In the executive branch of the gov't, you have the Dept of Defense, under which you have the services. The Dept of the Navy lies under DoD. Under the Dept of the Navy you have two completely separate services - the USN and the USMC.

So we're part of the political dept of the navy, but completely separate from the USN. There's some drives and talk every now and then of changing the Dept of the Navy to the Dept of the Navy and Marine Corps, or severing us politically and forming the Dept of the Marine Corps.


----------



## the lancaster kicks ass (Jan 7, 2007)

tough call then, hard to say either way! so do you at anypoint come under the command of the USN?


----------



## mkloby (Jan 7, 2007)

the lancaster kicks ass said:


> tough call then, hard to say either way! so do you at anypoint come under the command of the USN?



Official USMC chain of command passes from President, SecDef, SecNav, to Commandant of the Marine Corps. It does not pass through the USN at all.
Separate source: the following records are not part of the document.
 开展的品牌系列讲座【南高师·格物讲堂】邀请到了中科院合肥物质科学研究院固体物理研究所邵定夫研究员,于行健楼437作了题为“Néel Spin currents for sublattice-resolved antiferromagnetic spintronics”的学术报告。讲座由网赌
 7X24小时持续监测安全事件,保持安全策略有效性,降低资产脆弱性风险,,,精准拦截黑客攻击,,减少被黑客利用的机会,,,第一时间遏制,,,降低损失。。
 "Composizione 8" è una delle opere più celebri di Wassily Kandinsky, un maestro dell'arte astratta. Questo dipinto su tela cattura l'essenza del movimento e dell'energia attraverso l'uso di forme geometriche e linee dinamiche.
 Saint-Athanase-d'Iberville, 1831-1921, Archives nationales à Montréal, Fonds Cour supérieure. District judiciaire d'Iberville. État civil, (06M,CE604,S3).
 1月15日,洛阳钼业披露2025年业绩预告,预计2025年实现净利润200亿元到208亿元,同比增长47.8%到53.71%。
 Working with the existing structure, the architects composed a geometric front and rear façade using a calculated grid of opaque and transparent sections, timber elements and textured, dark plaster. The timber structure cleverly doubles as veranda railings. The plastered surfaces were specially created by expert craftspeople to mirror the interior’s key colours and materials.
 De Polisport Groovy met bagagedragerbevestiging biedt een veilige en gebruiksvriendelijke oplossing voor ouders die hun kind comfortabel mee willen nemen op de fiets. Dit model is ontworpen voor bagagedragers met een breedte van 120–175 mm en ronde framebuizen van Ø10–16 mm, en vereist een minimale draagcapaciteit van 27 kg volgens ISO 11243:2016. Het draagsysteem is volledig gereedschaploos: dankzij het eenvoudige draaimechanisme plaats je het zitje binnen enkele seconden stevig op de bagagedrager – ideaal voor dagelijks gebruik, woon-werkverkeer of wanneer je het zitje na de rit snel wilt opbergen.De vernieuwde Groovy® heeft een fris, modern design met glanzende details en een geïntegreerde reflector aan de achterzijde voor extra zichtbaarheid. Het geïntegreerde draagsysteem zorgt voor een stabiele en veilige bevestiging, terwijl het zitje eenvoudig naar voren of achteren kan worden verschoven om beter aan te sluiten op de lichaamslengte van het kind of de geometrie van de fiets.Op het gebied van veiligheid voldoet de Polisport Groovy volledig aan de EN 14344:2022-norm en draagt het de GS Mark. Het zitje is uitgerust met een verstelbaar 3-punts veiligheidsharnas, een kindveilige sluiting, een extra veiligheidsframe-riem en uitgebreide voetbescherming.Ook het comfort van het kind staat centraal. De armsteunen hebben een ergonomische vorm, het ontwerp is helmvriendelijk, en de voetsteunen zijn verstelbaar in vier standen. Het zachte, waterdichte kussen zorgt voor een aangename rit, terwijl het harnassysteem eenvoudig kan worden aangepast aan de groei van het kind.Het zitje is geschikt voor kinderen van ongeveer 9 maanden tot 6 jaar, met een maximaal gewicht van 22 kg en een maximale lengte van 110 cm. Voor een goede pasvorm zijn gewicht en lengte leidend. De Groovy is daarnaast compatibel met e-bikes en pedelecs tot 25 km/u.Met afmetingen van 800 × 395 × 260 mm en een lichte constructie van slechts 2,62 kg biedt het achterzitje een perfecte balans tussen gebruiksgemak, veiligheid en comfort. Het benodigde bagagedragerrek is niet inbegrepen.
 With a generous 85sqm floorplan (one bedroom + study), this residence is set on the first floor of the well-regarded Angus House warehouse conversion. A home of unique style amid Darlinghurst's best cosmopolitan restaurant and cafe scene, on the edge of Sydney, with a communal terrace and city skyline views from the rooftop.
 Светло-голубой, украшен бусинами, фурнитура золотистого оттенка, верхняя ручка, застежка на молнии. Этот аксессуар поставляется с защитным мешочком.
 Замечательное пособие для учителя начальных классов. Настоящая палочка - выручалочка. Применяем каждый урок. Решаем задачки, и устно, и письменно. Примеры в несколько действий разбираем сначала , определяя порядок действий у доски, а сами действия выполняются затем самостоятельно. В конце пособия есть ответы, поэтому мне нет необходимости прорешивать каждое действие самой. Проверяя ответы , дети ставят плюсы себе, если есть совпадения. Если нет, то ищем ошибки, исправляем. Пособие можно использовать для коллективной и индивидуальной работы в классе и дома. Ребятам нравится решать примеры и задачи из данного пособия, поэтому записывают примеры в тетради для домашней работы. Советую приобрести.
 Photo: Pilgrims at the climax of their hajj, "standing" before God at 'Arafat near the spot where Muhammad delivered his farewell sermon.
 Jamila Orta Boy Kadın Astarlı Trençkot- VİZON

However, due to the close nature of our joint ops Marines fall under Naval officers command, and sailors fall under Marine command as well.


----------



## the lancaster kicks ass (Jan 7, 2007)

mmmm, over here you'd be classed as a separate arm of the armed forces........


----------



## mkloby (Jan 7, 2007)

the lancaster kicks ass said:


> mmmm, over here you'd be classed as a separate arm of the armed forces........



We are a separate branch over here as well  It's the whole political affiliation w/ the Dept of the Navy that confuses everyone to think we're part of the US Navy.


----------



## the lancaster kicks ass (Jan 7, 2007)

over here the Marine Commando are part of the Navy, they have their own pilots but not their own aircraft, this allows them to work together much more easily although the Marines are a capable fighting force on their own.........


----------



## mkloby (Jan 7, 2007)

the lancaster kicks ass said:


> over here the Marine Commando are part of the Navy, they have their own pilots but not their own aircraft, this allows them to work together much more easily although the Marines are a capable fighting force on their own.........



So that's why a while back ndicki made a comment about US Marines flying the Navy's A/C. Speaking of which, I wonder where he's been haven't seen him around here in a long while.


----------



## the lancaster kicks ass (Jan 7, 2007)

interestingly the Navy also has their own little known "regiment" like the RAF Regiment, but much smaller and completely separate from the marines........


----------